**Task to carry out:** Give back exactly the lines of the material below that start at the one holding "ditanggung oleh NK." and end at the last line, minus the pictures.
++++ The data
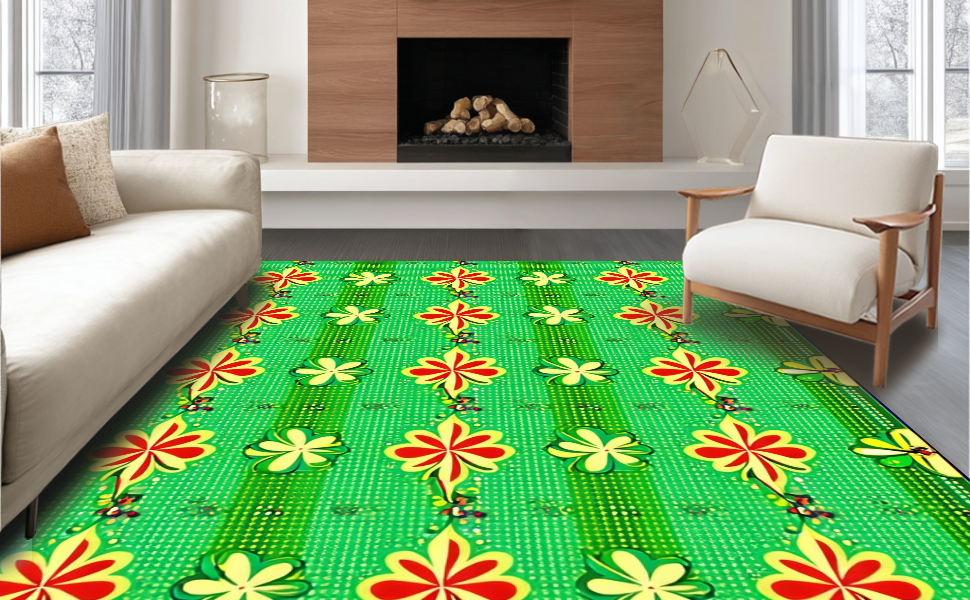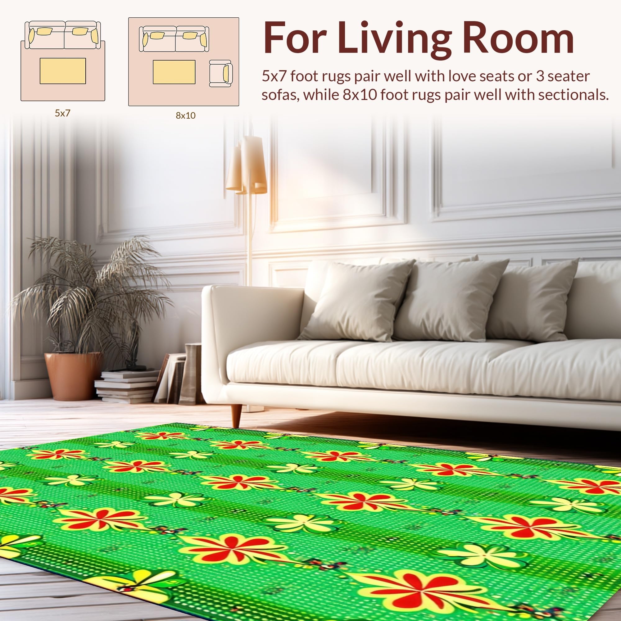 Ultra Soft Area Rug, Non Slip, Stain Resistant, Washable Area Rugs for Living Room, Bedroom, Whimsical Green Botanical Charm(Green) Overview:
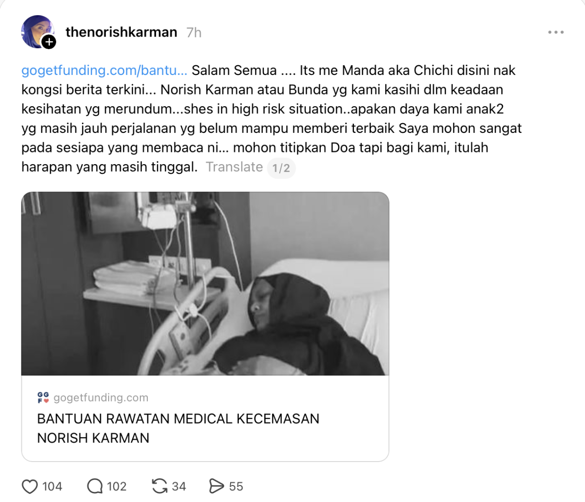 “Doakan agar Allah SWT memberikan Bunda kami peluang untuk mendapatkan rawatan, mengurniakan kesembuhan, dan mengangkat segala kesakitan yang ditanggung oleh NK.
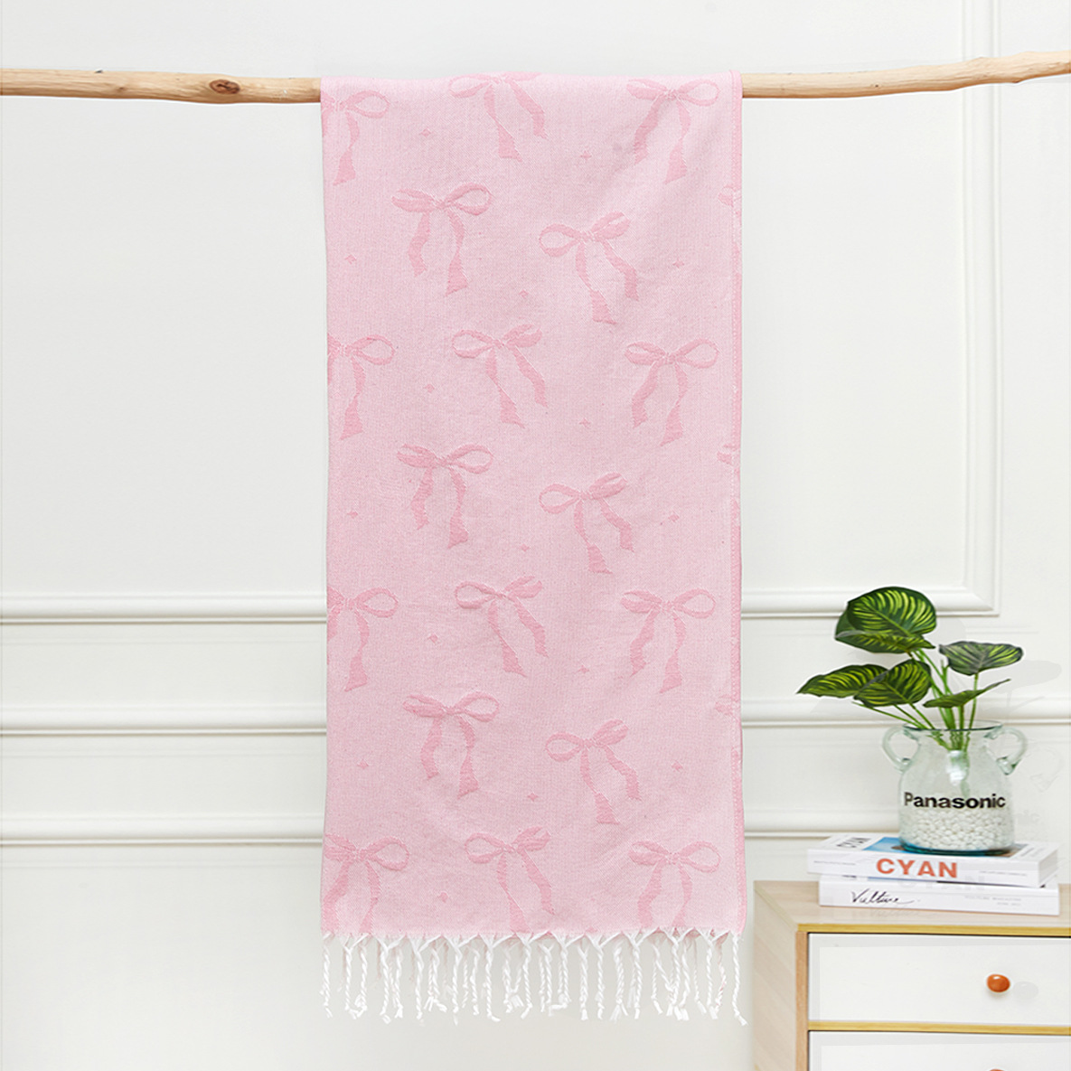 Производитель жаккардовых полотенец из полиэфирного хлопка, турецких пляжных полотенец с бантом, банных полотенец, пляжных одеял с кисточками и бантом для улицы
++++++++
**Your solution:**
 “Doakan agar Allah SWT memberikan Bunda kami peluang untuk mendapatkan rawatan, mengurniakan kesembuhan, dan mengangkat segala kesakitan yang ditanggung oleh NK.
 Производитель жаккардовых полотенец из полиэфирного хлопка, турецких пляжных полотенец с бантом, банных полотенец, пляжных одеял с кисточками и бантом для улицы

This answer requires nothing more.